What you write should be an exact repeat of the lines from the one with "학생들은 흡연 및 음주" through the final line below, minus the pictures.

▸ Records contained in a dataset
+ + +

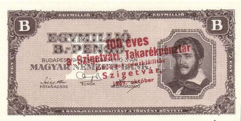 Beschreibung: 1946. 1000.000B.-pengő piros "100 éves a Szigetváti Takarékpénztár...1969" fny-sal T:I
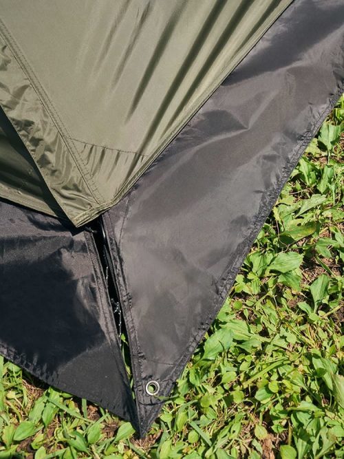 TC素材を採用したミリタリー風パップテント。ポリエステル65%とコットン35%の混紡生地により火の粉に強く、焚き火を楽しめます。
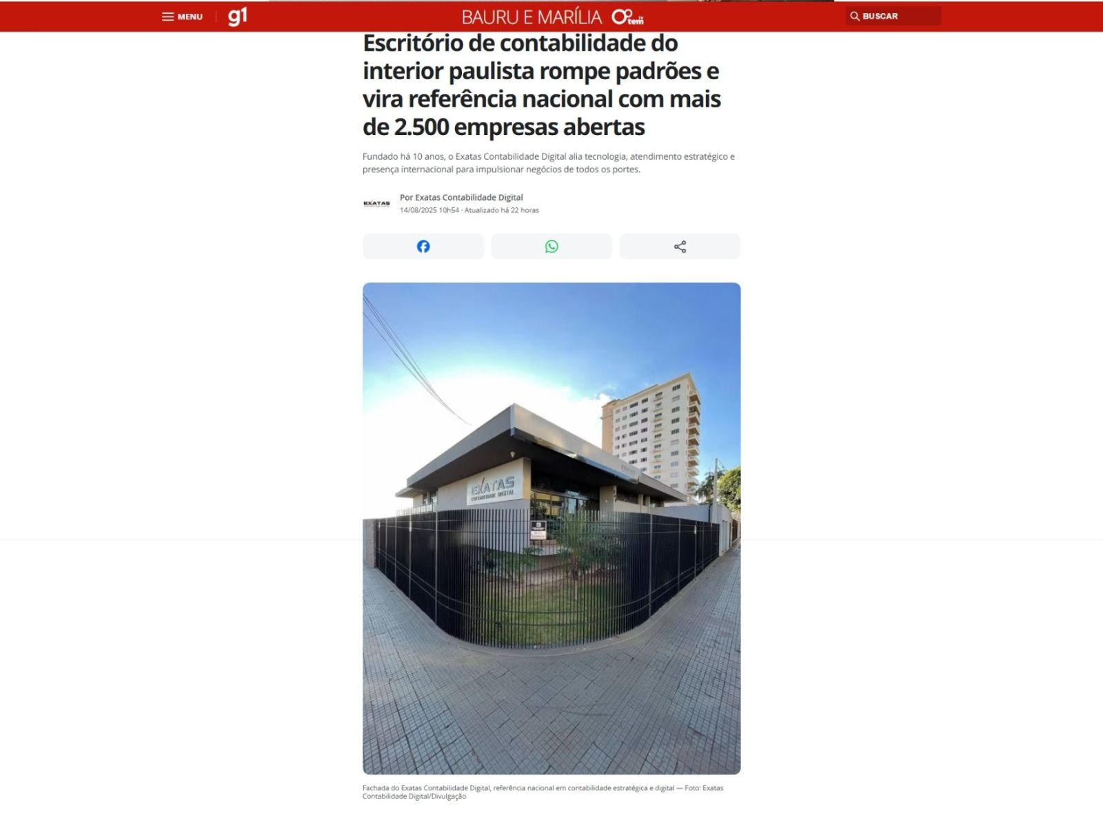 O destaque no G1 reforça o posicionamento do Exatas como parceiro estratégico para empresas de todos os portes, oferecendo soluções personalizadas que vão muito além da burocracia, transformando contabilidade em resultado.
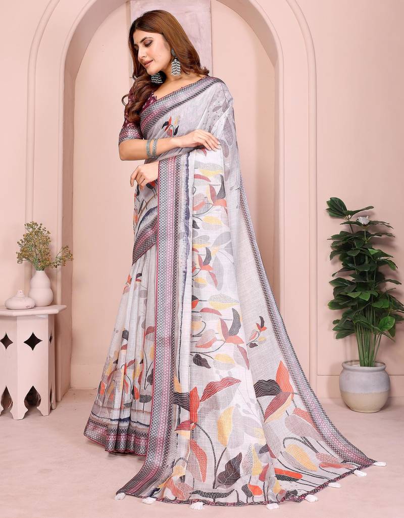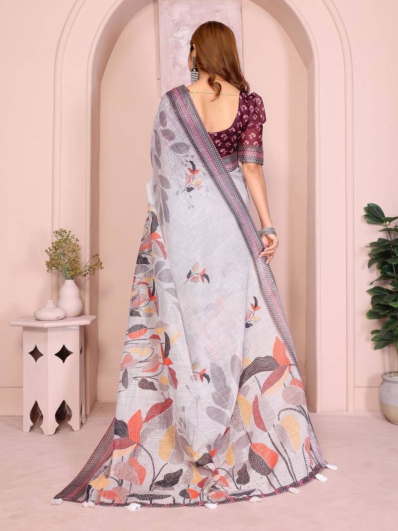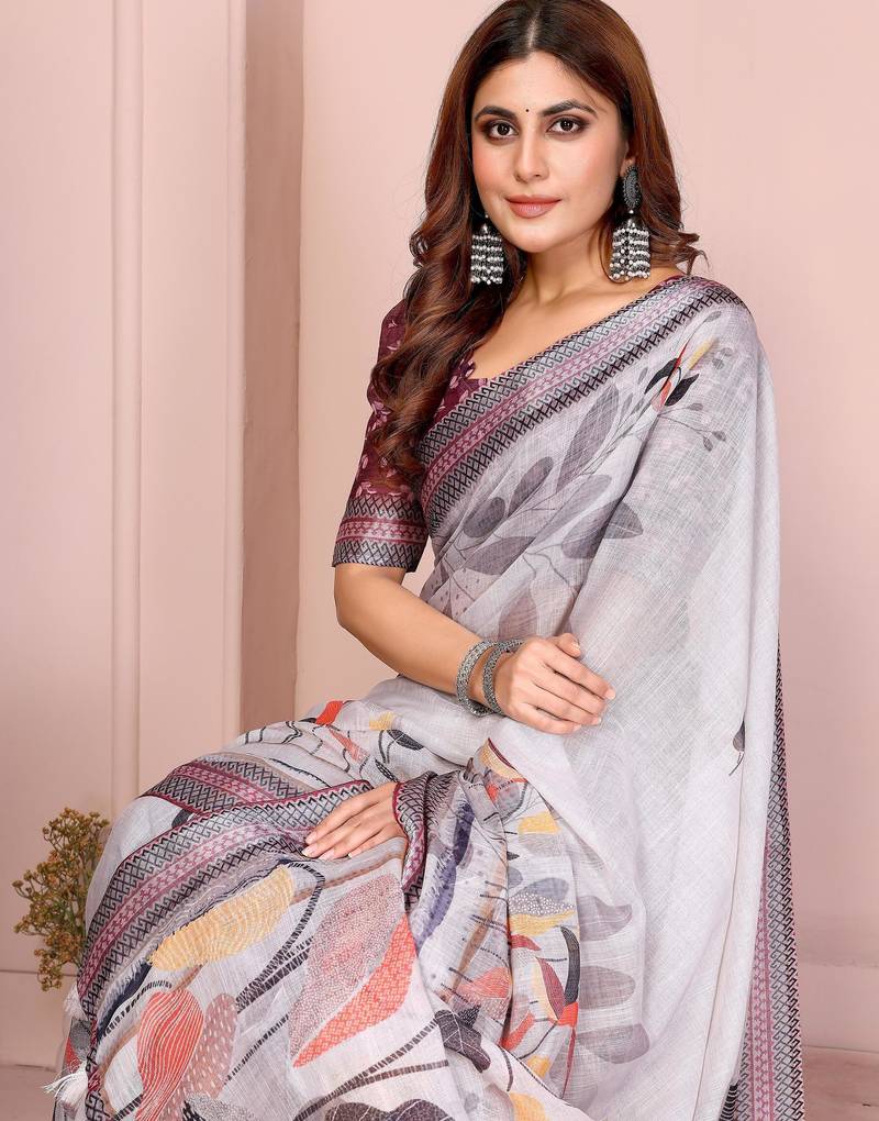 Product Name | Grey Printed Designer Pallu Linen Saree | |
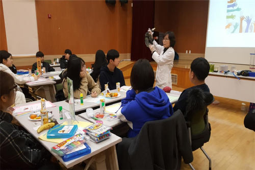 학생들은 흡연 및 음주 가상체험과 미각테스트를 통한 식품첨가물 알아내기, 건강간식 만들기, 자세교정을 위한 척추강화운동, 건강 10계명 만들기 등에 참여했다.
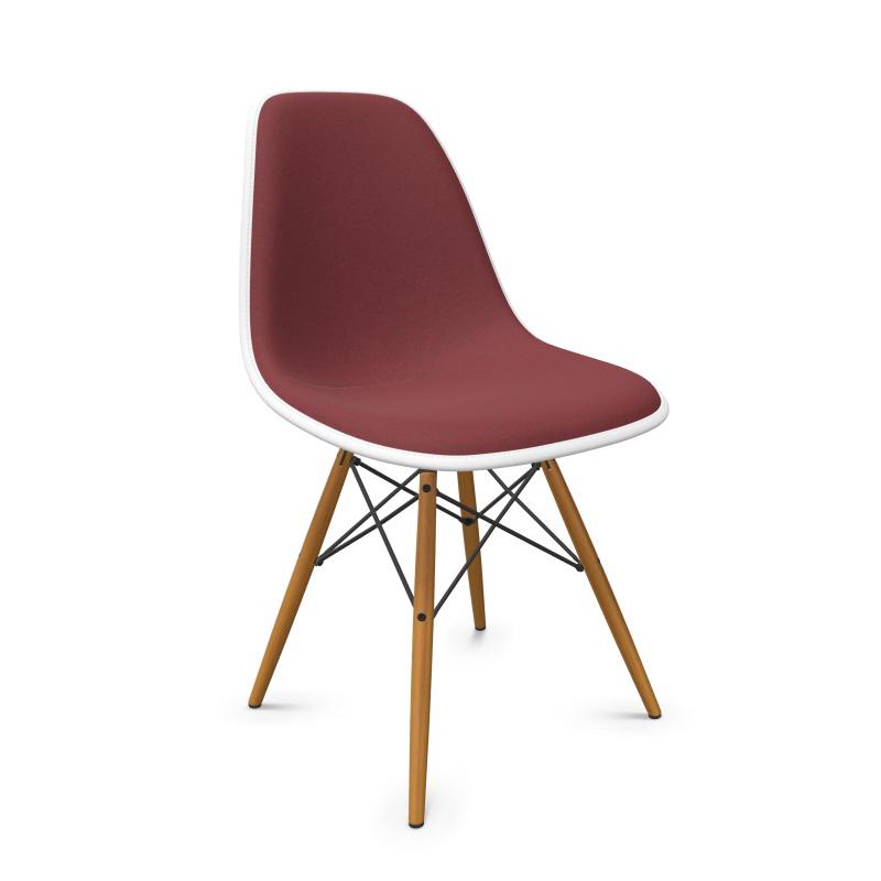 VITRA sedia interamente imbottita e base in acero dorato Eames Plastic Side Chair DSW NUOVE DIMENSIONI (Bianco, cuscino rosso/marrone palude - Polipropilene, legno e tessuto Hopsak)
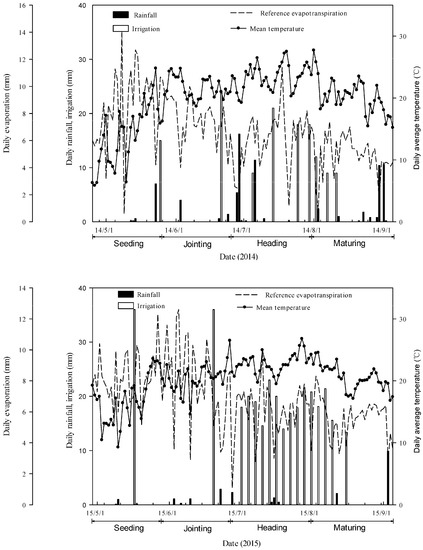 Rainfall, evaporation, irrigation, and temperature during crop growth stages in 2014 and 2015.

+ + +

▸ Solved exercise
 학생들은 흡연 및 음주 가상체험과 미각테스트를 통한 식품첨가물 알아내기, 건강간식 만들기, 자세교정을 위한 척추강화운동, 건강 10계명 만들기 등에 참여했다.
 VITRA sedia interamente imbottita e base in acero dorato Eames Plastic Side Chair DSW NUOVE DIMENSIONI (Bianco, cuscino rosso/marrone palude - Polipropilene, legno e tessuto Hopsak)
 Rainfall, evaporation, irrigation, and temperature during crop growth stages in 2014 and 2015.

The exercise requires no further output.